---- Records for this task

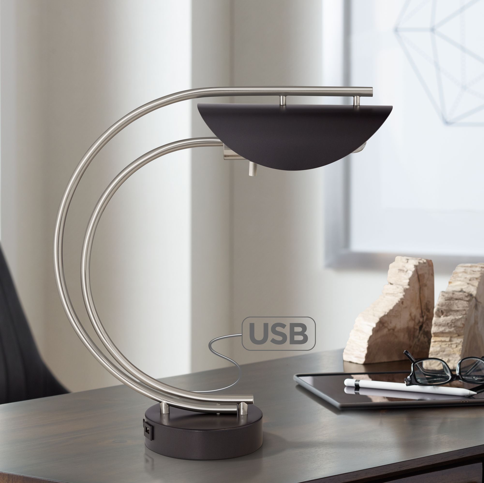 Volero Nickel and Gunmetal Desk Lamp with USB Port
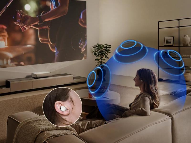 Paired with Galaxy Buds, 360 Audio Mode makes sounds from The Premiere feel immersive. Direct Multi-Channel and enhanced head tracking can even pinpoint the direction of the sound as you move your head for a spatial 3D experience.
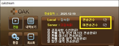 우측의 미전송건수가 조회되지 않는 매출건수입니다.
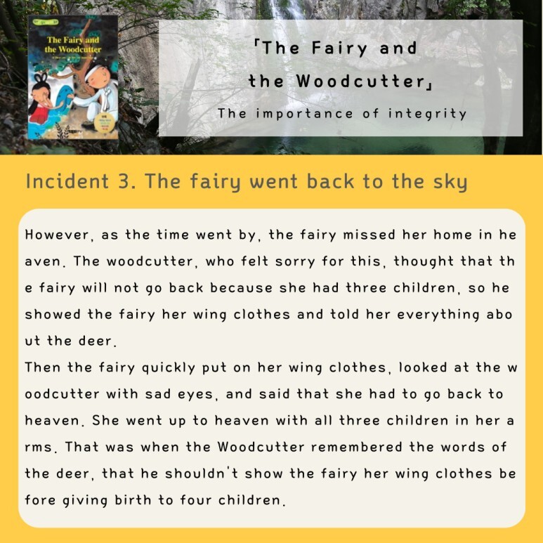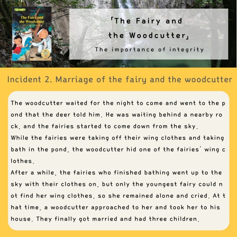 After a while, the fairies who finished bathing went up to the sky with their clothes on, but only the youngest fairy could not find her wing clothes, so she remained alone and cried. At that time, a woodcutter approached to her and took her to his house. They finally got married and had three children.
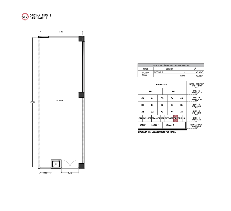 Área: 38.75m2 + Terraza: 7.76m2 TOTAL: 46.21m2
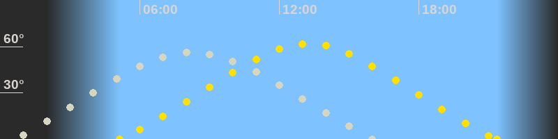 | Höchster Sonnenstand (Kulmination) | 13:15 Uhr (h = 61.9°) |
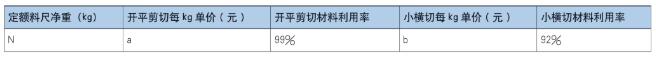 钢材加工费用=(工序1)开平剪切费用+(工序2)小横切费用=a×N/(0.99×0.92)+b×N/0.92。
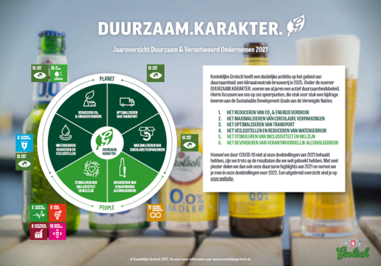 Benieuwd naar de resultaten en activiteiten van Grolsch op het gebied van duurzaam en verantwoord ondernemen in 2021, of naar de doelstellingen voor 2022? Bekijk dan het online jaaroverzicht 2021.
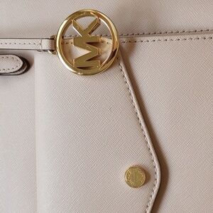 Gold Hardware MMK Jet Set Saffiano Frame Leather Bag Medium Tote Front Pocket
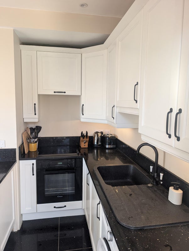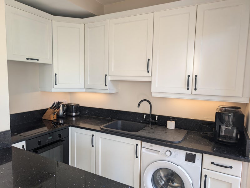 It's a beautiful 1 bedroom apartment. Super king bed. Brand new bathroom.
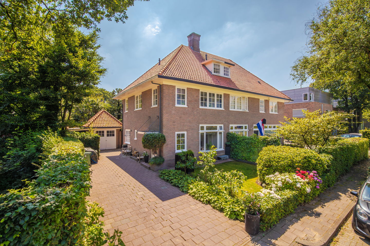 De woning heeft een diepe verzorgde voortuin met oprit, die leidt naar de ruime vrijstaande stenen garage in dezelfde jaren ’30-stijl. Tevens voorzien van een bergzolder. Via een poort kom je in de achtertuin, waar je volop kunt genieten van het buitenleven. De tuin gelegen op het zuiden biedt privacy en ruimte voor allerlei activiteiten, zoals barbecueën of ontspannen in de hottub. Er is tevens een tuinhuis en een overkapte veranda aan de garage, die de tuin compleet maken. De hottub wordt ter overname aangeboden.
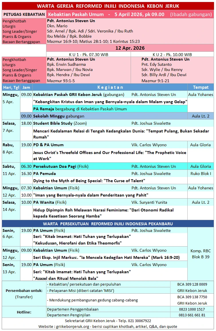 Puji syukur kepada Allah Tritunggal, sehingga Kebaktian Paskah Sekolah Minggu GRII Kebon Jeruk, pada tanggal 13 …

--------

Problem statement =>
Please transcribe, with no additions, the lines starting at the one that contains "Área: 38.75m2 +" and running through the last line of the entries, inclusive. Leave the pictures out.

Solved problem =>
 Área: 38.75m2 + Terraza: 7.76m2 TOTAL: 46.21m2
 | Höchster Sonnenstand (Kulmination) | 13:15 Uhr (h = 61.9°) |
 钢材加工费用=(工序1)开平剪切费用+(工序2)小横切费用=a×N/(0.99×0.92)+b×N/0.92。
 Benieuwd naar de resultaten en activiteiten van Grolsch op het gebied van duurzaam en verantwoord ondernemen in 2021, of naar de doelstellingen voor 2022? Bekijk dan het online jaaroverzicht 2021.
 Gold Hardware MMK Jet Set Saffiano Frame Leather Bag Medium Tote Front Pocket
 It's a beautiful 1 bedroom apartment. Super king bed. Brand new bathroom.
 De woning heeft een diepe verzorgde voortuin met oprit, die leidt naar de ruime vrijstaande stenen garage in dezelfde jaren ’30-stijl. Tevens voorzien van een bergzolder. Via een poort kom je in de achtertuin, waar je volop kunt genieten van het buitenleven. De tuin gelegen op het zuiden biedt privacy en ruimte voor allerlei activiteiten, zoals barbecueën of ontspannen in de hottub. Er is tevens een tuinhuis en een overkapte veranda aan de garage, die de tuin compleet maken. De hottub wordt ter overname aangeboden.
 Puji syukur kepada Allah Tritunggal, sehingga Kebaktian Paskah Sekolah Minggu GRII Kebon Jeruk, pada tanggal 13 …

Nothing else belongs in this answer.